In 2005, Schopler et al. further revised the PEP-R into a more comprehensive version—the Psycho-Educational Profile-3rd edition (PEP-3) for children with ASD whose developmental age is from 6 months to 7 years. Compared to the PEP-R, the PEP-3 has more concrete and interesting materials, limited verbal demands, and untimed administration process. Besides, the language items were separated from the general items (Chen et al. 2011; Schopler et al. 2005). According to Schopler et al. (2005), the PEP-3 is a reliable and valid instrument which has the potential to assess and monitor the development of children with ASD in a more accurate and comprehensive way. Based on a sample of children with developmental disorders in the United States, Schopler et al. (2005) reported good internal consistency, test–retest reliability, and inter-rater reliability for the PEP-3. The high correlations between PEP-3 and other measures assessing similar developmental constructs were also reported, providing support for the validity of the instrument. However, except for the findings based on the validation study reported in the PEP-3 manual, there are few publications on the psychometric properties of the PEP-3.

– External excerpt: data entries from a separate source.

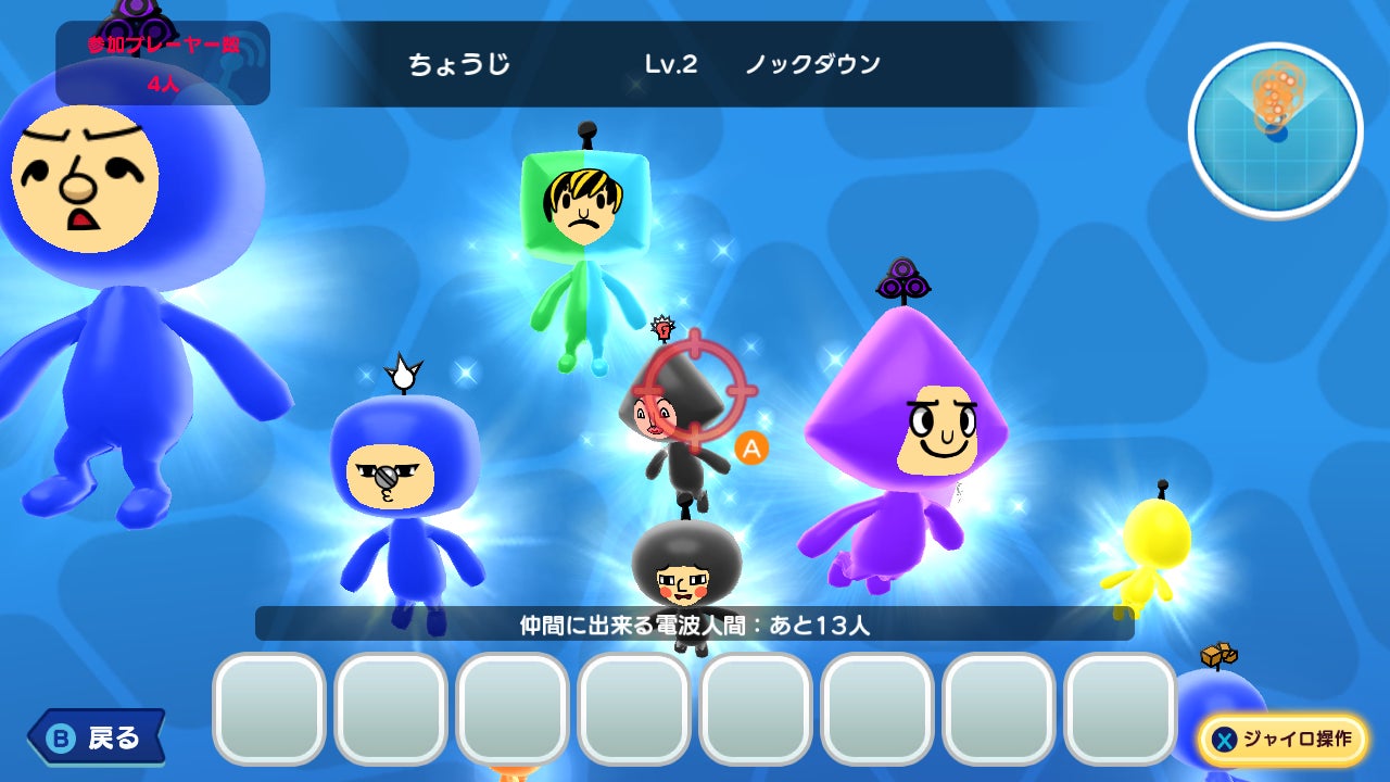 みんなでキャッチは、近くでプレイしている最大4人のプレイヤーと一緒に行う電波人間キャッチです。参加人数が多いほど、レアな電波人間を見つけやすくなります。
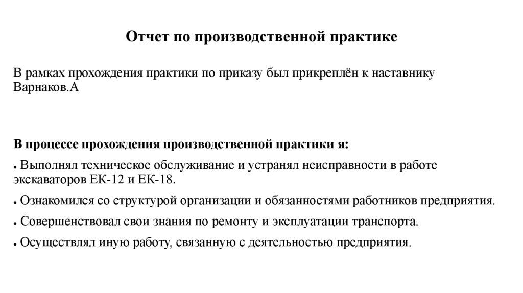 Отчет по производственной практикеВ рамках прохождения практики по приказу был прикреплён к наставнику
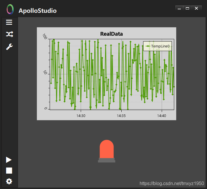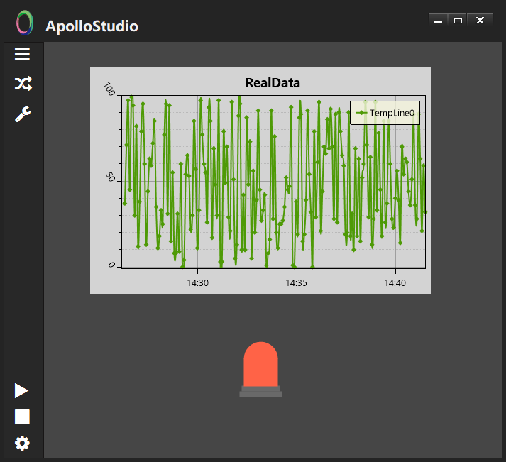 在ApolloStudio中,我们添加两个控件:图表控件,报警灯,并且分别命名为pv1和led1。
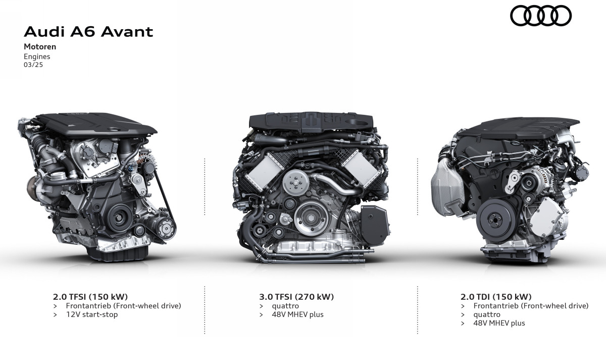 Базовым для нового A6 Avant станет 4-цилиндровый бензиновый мотор 2.0 TFSI мощностью 204 л.с., оснащенный 12-вольтовой системой Start-Stop и вращающий исключительно передние колеса.
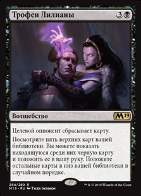 |  Variations— Parts— | Liliana's SpoilsTarget opponent discards a card. Look at the top five cards of your library. You may reveal a black card from among them and put it into your hand. Put the rest on the bottom of your library in a random order.

Among the limited studies, Fulton and D’Entremont (2013) examined the ability of the PEP-3 in estimating cognitive and language skills of 136 children with ASD (aged 20–75 months) in Canada. Positive correlations were found between the PEP-3 cognitive and language measures and similar measures including the Child Development Inventory (Ireton 1992), the Merrill-Palmer Revised Developmental Scale (Roid and Sampers 2004), and the Vineland Adaptive Behavior Scale-2 (Sparrow et al. 2005). Significant differences in performances on PEP-3 cognitive and language measures were detected among three diagnostic groups of children with ASD, Asperger’s disorder, or pervasive developmental disorders. These findings provided support for the psychometric properties of the subtests of PEP-3 as an assessment tool measuring cognitive and language skills in children. Nonetheless, the reliability and validity of the subtests focusing on maladaptive behaviors (e.g., social reciprocal, affective expression, characteristic motor behavior, and characteristic verbal behavior) were not investigated in Fulton and D’Entremont’s (2013) study.
In Taiwan, a group of researchers translated the PEP-3 into Mandarin Chinese and administered it in a sample of 63 children with ASD. While the reliability and validity of the Caregiver Report of the PEP-3 were supported (Fu et al. 2010, 2012), psychometric properties of the major part of PEP-3 (i.e., the Performance test) remain largely unknown probably because of the small sample of the study. Chen et al. (2011) reported good sensitivity of the Performance test, i.e., the ability of the measure to detect change over time and in response to an intervention (Guyatt et al. 1992), which is the only available psychometric paper on the Performance test in Chinese children. As such, the psychometric properties of the PEP-3 for the assessment of Chinese children with ASD need to be further demonstrated.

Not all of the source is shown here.